Tuesday, September 7, 2010

Dreams.

Nobody knows for sure what they are. There are scientific postulations about what dreams are but at the end of the day there is no conclusive evidence for what they may be. Figments of our imagination? Possibly. Repressed thoughts? Possibly. Desires or aspirations? Possibly. Chemical firings within the brain? Possibly.

The fact stands that I am not yet a psychologist, a neurologist, or any kind of doctor at all. But what I am is a Dreamer. I can tell you that a dream is something that ought to be chased. I have no idea as to what a dream is or what they mean but I can suspect that they contain some element of truth or insight that is worth pursuing.
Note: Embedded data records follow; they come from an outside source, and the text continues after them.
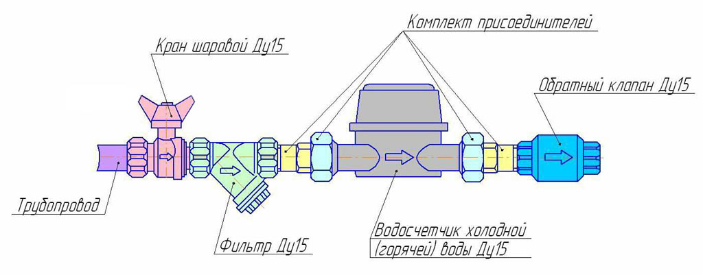 Потом вставляете прокладки (они в комплекте со штуцерами), монтируете счётчик. У вас, в конечном итоге, должна получиться такая установка счётчиков воды своими руками: первый элемент от врезки — кран, за ним должен быть правильно установленный фильтр, затем — очередь счётчика, и последним будет обратный клапан. После проверки того, правильно ли вы установили конструкцию, можно вкрутить переходную муфту в тот же обратный клапан, соединить её с водопроводом.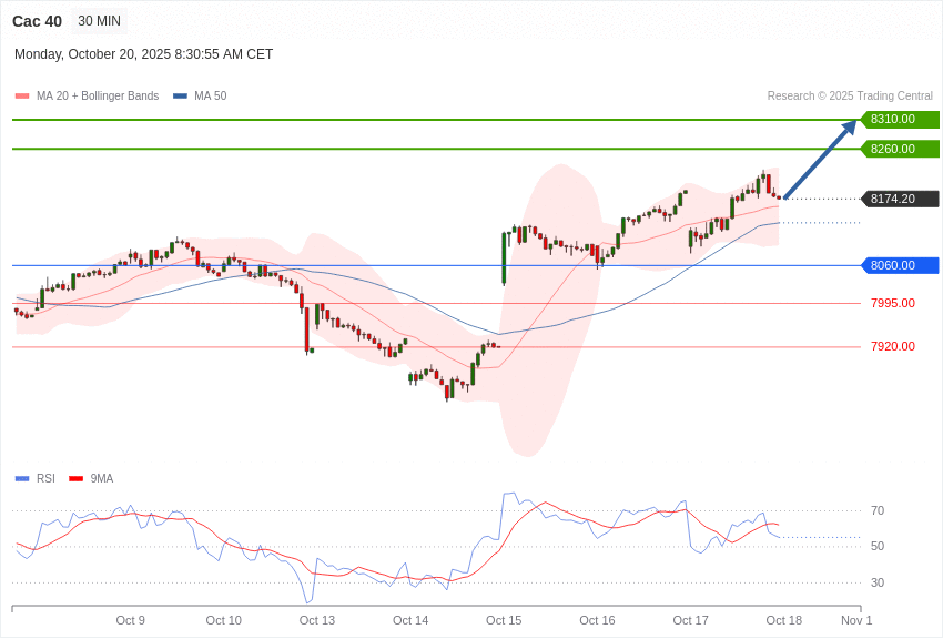Klíčová slova: Intradenní výhled | Indikátor | Long | Pozice | RSI | Rezistence | Trading | CAC 40 | Pivot | Signály | Trading Central | Supporty a rezistence | Výhled | Pokles | Indikátor RSI | Dlouhé (long) pozice | Supporty |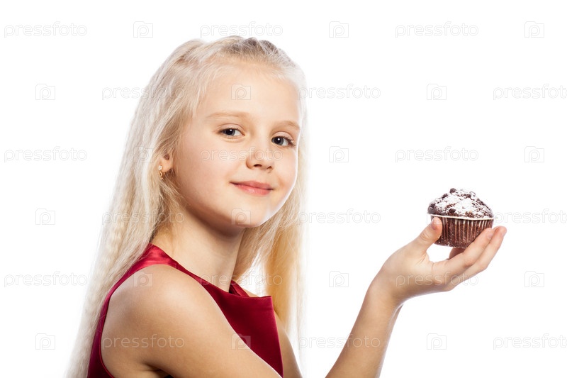 Девочка держит кекс и смотрит в камеру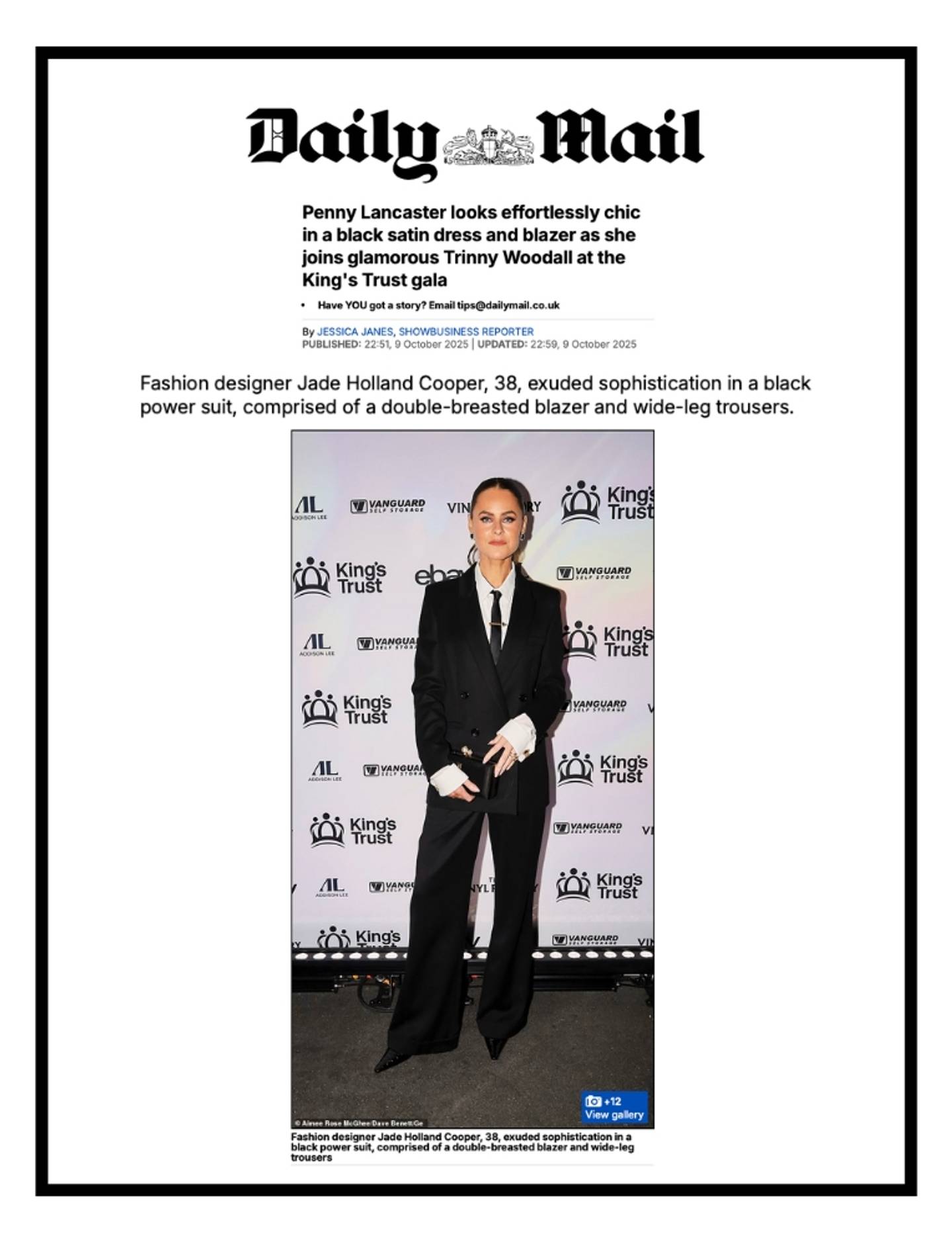 We were thrilled to see our Founder and Managing Director, Jade Holland Cooper, pictured at The King's Trust gala!

In my humble and unprofessional opinion, a dream is a motive in which our interior self (the self that is fearless) is positively influencing the culturally-influenced conscious self that carries the “That’s impossible” mentality. A modest British Army soldier of WWI, T. E. Lawrence, said,

    “Those who dream by night in the dusty recesses of their minds wake in the day to find that it was vanity: but the dreamers of the day are dangerous men, for they may act their dreams with open eyes, to make it possible.”

It was “impossible” for Lawrence to have led a successful revolt against the great Ottoman Empire. It was “impossible” for man to walk on water. It was “impossible” for that cancer patient who was given six months, to live 16 more years. It was “impossible” for man to get to the moon. It was “impossible” for any human being to consume 68 hot dogs and buns in ten minutes. But behind every conquered “impossible” feat lies a dream.

As Lawrence said, we become “dangerous men” when our dreams take form in the physical world. Our “impossible” desires become completely realistic if we can ever find the interior strength, commonly known as “guts” to pursue that which has been regarded as not possible. I am willing to make a bold statement in saying that the minute we are able to trust in our fearless self and do the undareable, go far out on a limb, and just try then we can better know ourselves and perhaps achieve the “impossible”.

Don’t be afraid to dream. Test the unknown waters. Dream with eyes wide open.

I'll leave you with this, Rodgers and Hammerstein said, "Impossible things are happening everyday." Believe it.